Try it: The answer must reproduce the listing exactly, with every picture left out.

Recorded data:
"""

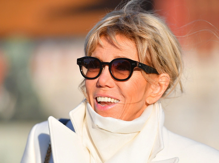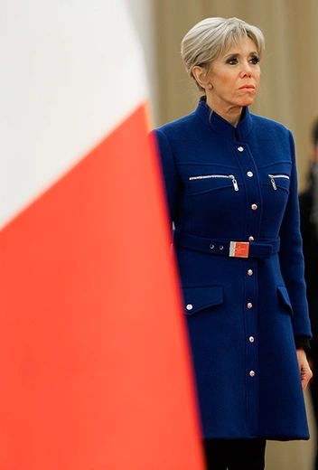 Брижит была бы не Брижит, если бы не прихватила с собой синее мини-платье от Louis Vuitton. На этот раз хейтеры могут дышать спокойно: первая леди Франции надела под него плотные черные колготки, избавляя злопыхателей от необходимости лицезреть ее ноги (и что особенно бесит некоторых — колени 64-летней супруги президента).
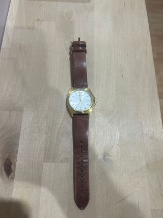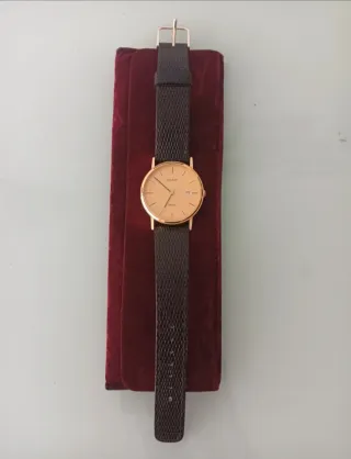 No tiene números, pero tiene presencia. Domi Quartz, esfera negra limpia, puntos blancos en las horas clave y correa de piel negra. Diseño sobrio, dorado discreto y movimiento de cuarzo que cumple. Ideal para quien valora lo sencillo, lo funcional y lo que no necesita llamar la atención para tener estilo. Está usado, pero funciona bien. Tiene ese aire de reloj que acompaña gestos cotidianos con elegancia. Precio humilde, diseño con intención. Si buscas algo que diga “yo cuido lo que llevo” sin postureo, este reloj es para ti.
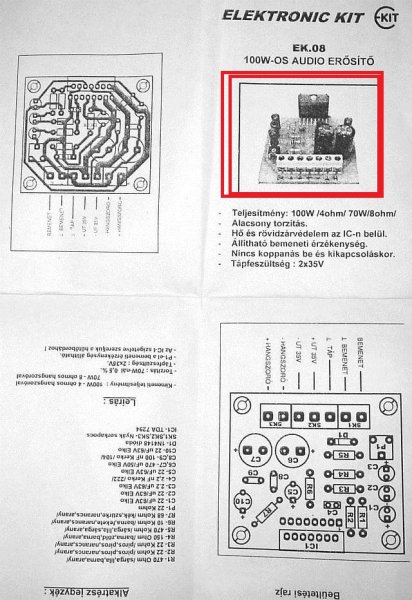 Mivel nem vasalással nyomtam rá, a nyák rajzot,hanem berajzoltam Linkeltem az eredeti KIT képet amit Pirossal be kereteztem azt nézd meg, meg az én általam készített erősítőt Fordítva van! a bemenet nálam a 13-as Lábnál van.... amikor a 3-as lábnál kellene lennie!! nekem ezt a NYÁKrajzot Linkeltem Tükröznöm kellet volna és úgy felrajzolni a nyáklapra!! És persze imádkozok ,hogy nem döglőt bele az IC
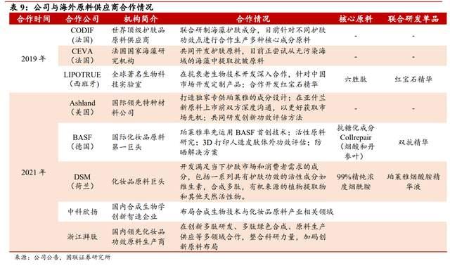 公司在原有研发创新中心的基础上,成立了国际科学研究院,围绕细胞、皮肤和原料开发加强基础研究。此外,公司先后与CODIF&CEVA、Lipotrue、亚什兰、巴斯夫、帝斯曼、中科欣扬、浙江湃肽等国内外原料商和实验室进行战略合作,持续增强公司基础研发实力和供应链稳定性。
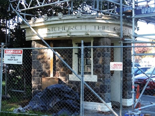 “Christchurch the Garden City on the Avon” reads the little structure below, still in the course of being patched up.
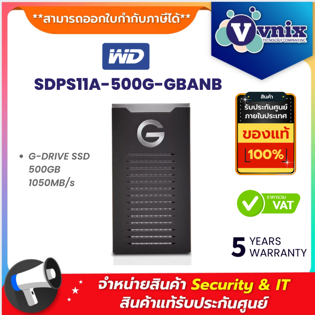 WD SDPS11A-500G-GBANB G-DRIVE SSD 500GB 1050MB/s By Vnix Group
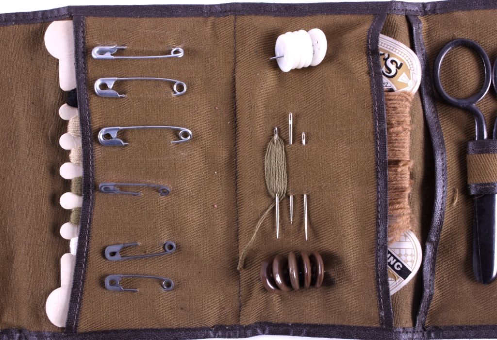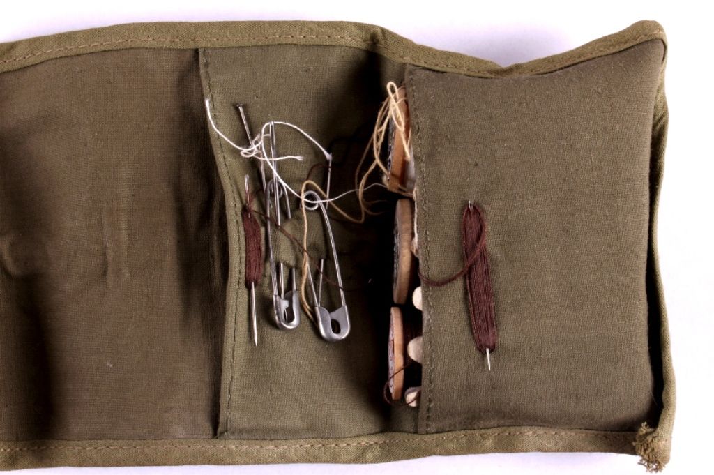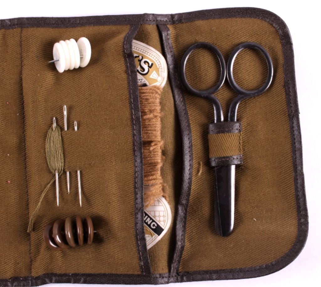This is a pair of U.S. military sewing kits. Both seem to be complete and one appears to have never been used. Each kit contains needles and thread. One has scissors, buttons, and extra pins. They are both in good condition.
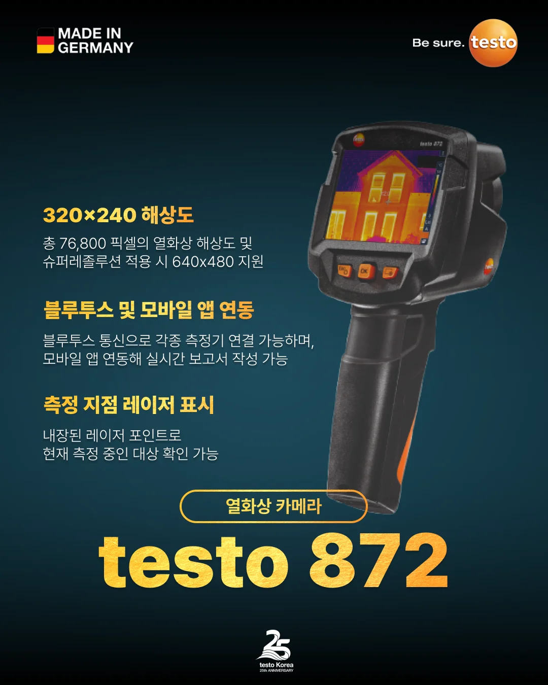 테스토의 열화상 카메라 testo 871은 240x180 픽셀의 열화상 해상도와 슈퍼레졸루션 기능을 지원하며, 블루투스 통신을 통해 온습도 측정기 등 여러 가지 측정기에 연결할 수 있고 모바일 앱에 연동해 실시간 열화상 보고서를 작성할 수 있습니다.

"""

Response to this exercise:
 Брижит была бы не Брижит, если бы не прихватила с собой синее мини-платье от Louis Vuitton. На этот раз хейтеры могут дышать спокойно: первая леди Франции надела под него плотные черные колготки, избавляя злопыхателей от необходимости лицезреть ее ноги (и что особенно бесит некоторых — колени 64-летней супруги президента).
 No tiene números, pero tiene presencia. Domi Quartz, esfera negra limpia, puntos blancos en las horas clave y correa de piel negra. Diseño sobrio, dorado discreto y movimiento de cuarzo que cumple. Ideal para quien valora lo sencillo, lo funcional y lo que no necesita llamar la atención para tener estilo. Está usado, pero funciona bien. Tiene ese aire de reloj que acompaña gestos cotidianos con elegancia. Precio humilde, diseño con intención. Si buscas algo que diga “yo cuido lo que llevo” sin postureo, este reloj es para ti.
 Mivel nem vasalással nyomtam rá, a nyák rajzot,hanem berajzoltam Linkeltem az eredeti KIT képet amit Pirossal be kereteztem azt nézd meg, meg az én általam készített erősítőt Fordítva van! a bemenet nálam a 13-as Lábnál van.... amikor a 3-as lábnál kellene lennie!! nekem ezt a NYÁKrajzot Linkeltem Tükröznöm kellet volna és úgy felrajzolni a nyáklapra!! És persze imádkozok ,hogy nem döglőt bele az IC
 公司在原有研发创新中心的基础上,成立了国际科学研究院,围绕细胞、皮肤和原料开发加强基础研究。此外,公司先后与CODIF&CEVA、Lipotrue、亚什兰、巴斯夫、帝斯曼、中科欣扬、浙江湃肽等国内外原料商和实验室进行战略合作,持续增强公司基础研发实力和供应链稳定性。
 “Christchurch the Garden City on the Avon” reads the little structure below, still in the course of being patched up.
 WD SDPS11A-500G-GBANB G-DRIVE SSD 500GB 1050MB/s By Vnix Group
This is a pair of U.S. military sewing kits. Both seem to be complete and one appears to have never been used. Each kit contains needles and thread. One has scissors, buttons, and extra pins. They are both in good condition.
 테스토의 열화상 카메라 testo 871은 240x180 픽셀의 열화상 해상도와 슈퍼레졸루션 기능을 지원하며, 블루투스 통신을 통해 온습도 측정기 등 여러 가지 측정기에 연결할 수 있고 모바일 앱에 연동해 실시간 열화상 보고서를 작성할 수 있습니다.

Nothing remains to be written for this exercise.